Mais les élections régionales qui arrivent, au mois de juin, ont fait exploser cette filiation politique. 

Contrairement à Jean-Yves Le Drian, devenu macroniste convaincu et sans remords, son successeur lui reste attaché au Parti socialiste - outrage suprême : il envisage même de s’allier aux Verts. Les Verts, honnis par le même Le Drian.

Alors que relate cette histoire ? Pas seulement des chicaneries locales ou des généalogies contrariées. 

Elle raconte aussi comment le mouvement d’Emmanuel Macron peine à attirer un nouveau cercle d’élus.

Sédimentation

Revenons-en aux origines. En 2016-2017, il y a le premier cercle, ce qu’on pourrait appeler le “macronisme 1.0” : les fidèles, les audacieux, celles et ceux qui font le pari de ce trentenaire jamais élu, contre tous les théorèmes de la politique.

Il y a ensuite 2017, la victoire, les nouveaux amis, celles et ceux qui sont attirés par le parfum du succès et/ou le projet d’Emmanuel Macron. On peut appeler ça le “macronisme 2.0”. Des figures de la gauche et de la droite qui s’agrègent : Jean-Yves Le Drian, justement, mais aussi Bruno Le Maire, Gérald Darmanin, puis plus tard Olivier Dussopt, le ministre des comptes publics. 

Cette deuxième couche a permis de solidifier La République en marche, tout en fragilisant les oppositions. 

Et qu’en est-il de la troisième couche ? 

Eh bien justement elle n’existe pas. Le mouvement d’Emmanuel Macron, pour l’heure, a échoué à inventer ce “macronisme 3.0”. 

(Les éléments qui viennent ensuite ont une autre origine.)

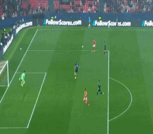 第36分鐘,勞爾-阿森西奧后場腳下打滑送禮,帕夫利季斯右路傳中,謝爾德魯普近距離沖頂建功,本菲卡迅速扳平,1-1!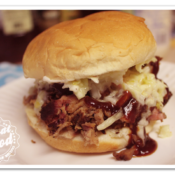Pulled pork is the traditional pork barbecue of North Carolina. It is arguably the oldest type of American barbecue. In Eastern North Carolina, this barbecue is traditionally made from a whole hog. In the central to western parts of the state, pork shoulder (Boston butt) is typically used. The pork is slow-smoked over hickory for twelve to sixteen hours. Because of the slow cooking, the meat becomes very tender and can be torn into shreds by fingers alone. The meat may also be served chopped rather than pulled. This is especially true in Lexington-style barbecue. Wood smoke and long cooking times are required to make authentic barbecue. Pork braised in sauce in a crock-pot or other such device is not considered true barbecue. Pulled pork is usually served with a thin, piquant vinegar-based barbecue sauce in Eastern North Carolina or a tomato-and-vinegar based sauce in Central and Western NC, and eaten on a bun as a sandwich, or on its own with side items such as coleslaw (mayonnaise-based in Eastern North Carolina, vinegar-based in central and western NC), baked beans, hush puppies, collard greens, or cornbread. Pulled pork may be prepared from a fresh pork shoulder by slow roasting (6 to 8 hours at 250F-300F for an 8- to 12-lb cut)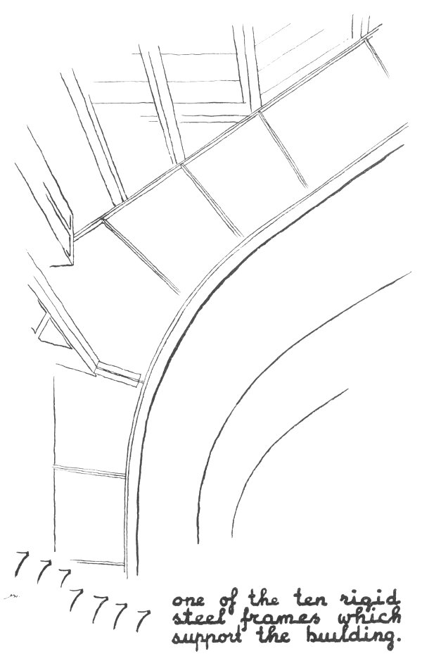 One problem in the construction of a great building arises from discrepancies in the rates of expansion and contraction of various materials used. In the Coliseum the concrete seating construction is attached to the steel frame of the building by a device operating on the principle of a hinge. It is so designed that when the steel and concrete expand at different coefficients, the hinge moves to adjust to the disparity. Careful consideration has been given to facilitating the ingress and egress of spectators. The upper main seating area is served by sixteen vomitory entrances, and the lower arena by four. The multiple entrances make it possible to empty the building very rapidly after each performance and are an important safety factor in case of emergency.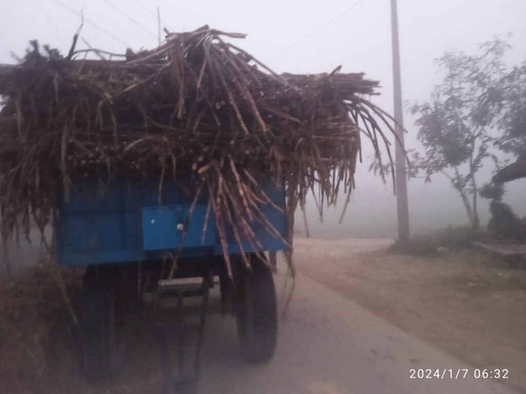 आज़मगढ़! फूलपुर कोतवाली के अंतर्गत कौडिया से दुर्वाशा मार्ग पर किसानो की ट्राली रोड पर खड़ी रहती है! जिससे दुर्घटनाए कि संभावना बनी रहती है! वही क्षेत्र के दारोगा की नजर नहीं जाती है! जिससे दुर्घटनाए होने की संभावना बनी रहती है! कड़ाके की ठंड है! वही साथ ही साथ घना कोहरा भी रहता है! गन्ना की कटाई तेजी से चल रही है! मगर कुछ लापरवाह किसान गन्ने से लदी ट्राली रोड पर खड़ी कर देते हैं जिससे दुर्घटना की संभावना होती है!
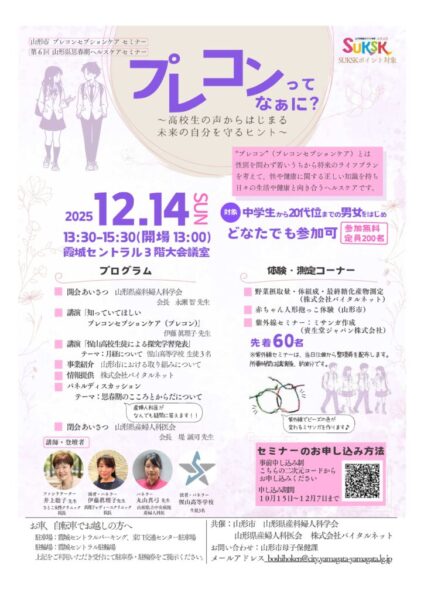 プレコンセプションケアとは性別を問わず若いうちから将来のライフプランを考えて、性や健康に関する知識を持ち日々の生活や健康と向き合うヘルスケアのことです。自分のからだやこころの健康について考える機会として、ぜひセミナーへご参加ください。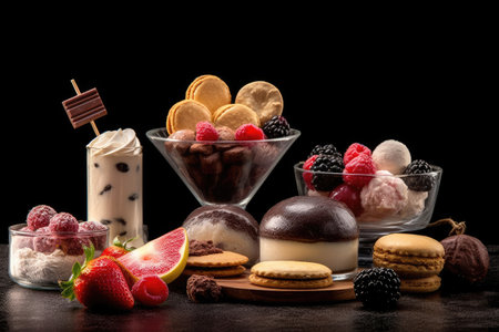 An assortment of delicious desserts with fresh berries, including cakes, macarons, and tartlets, ready to enjoy.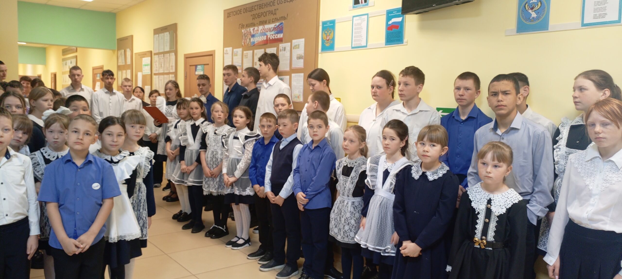 Старт мероприятию дали ведущие Виолетта Балакина и Кирилл Казанцев. Учащиеся 9 класса прочли авторское стихотворение Светланы Хохловой: «Россия – общий дом».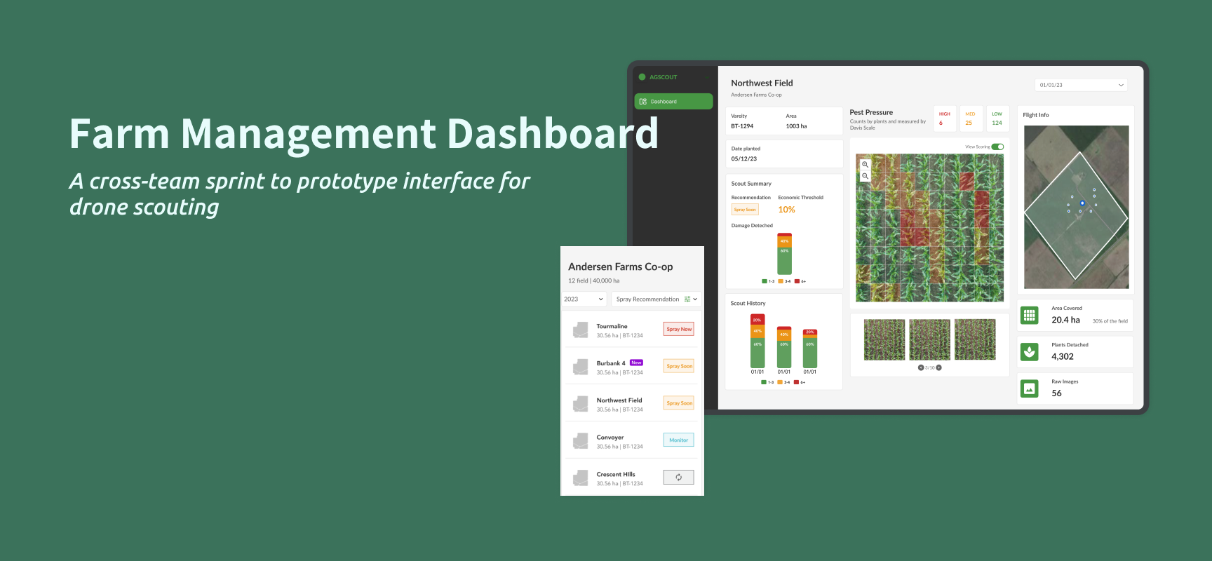 The agriculture industry has seen significant growth and innovation. Yet, many growers still rely on labor intensive methods of scouting their fields. On average, it takes 3 hours to scout a field on foot, and only covers a small percentage of the field.

C’est-à-dire à attirer de nouveaux élus, des cadres intermédiaires des partis, des responsables locaux. 

En Bretagne, le refus de Loïg Chesnais-Girard de porter l’étiquette En Marche en est un exemple, mais pas le seul. 

Le parti présidentiel, par réflexe d’endogamie ou bien par manque d’habileté politique, n’a pas su amener à lui les élus prometteurs, à droite et à gauche. Celles et ceux à qui on peut imaginer un destin national, comme Michaël Delafosse, maire socialiste de Montpellier ; Valérie Rabault, députée PS ou David Lisnard, maire Les Républicains de Cannes. 

Voilà pourtant qui manque au parti d’Emmanuel Macron. 

D’abord parce que l’expérience de terrain n’est jamais superflue. Elle eût sans doute aidé à éviter de déclencher la crise des gilets jaunes.

Mais aussi parce que ce troisième cercle aurait pu former une cuirasse, pour défendre l’action du gouvernement. Faute d’une telle armure, l’exécutif semble devoir être seul et nu pour parer les coups et défendre sa politique. C’est le défaut de s’entourer uniquement de ses vieux amis. 

En 2007, à droite, Patrick Devedjian regrettait la trop grande ouverture de Nicolas Sarkozy à des figures de la gauche, avec ce trait d’esprit un peu boudeur : 

"Je suis pour aller très dans l'ouverture... Y compris jusqu’aux sarkozystes, c’est dire !"

Mais au fil du quinquennat, l’ouverture s’était refermée, les Sarkozystes pur jus avaient repris le pouvoir. 

Et c’est avec une base politique affaiblie et uniforme que Nicolas Sarkozy s’est engagé dans la campagne pour sa réélection en 2012, avec le succès que l’on connaît.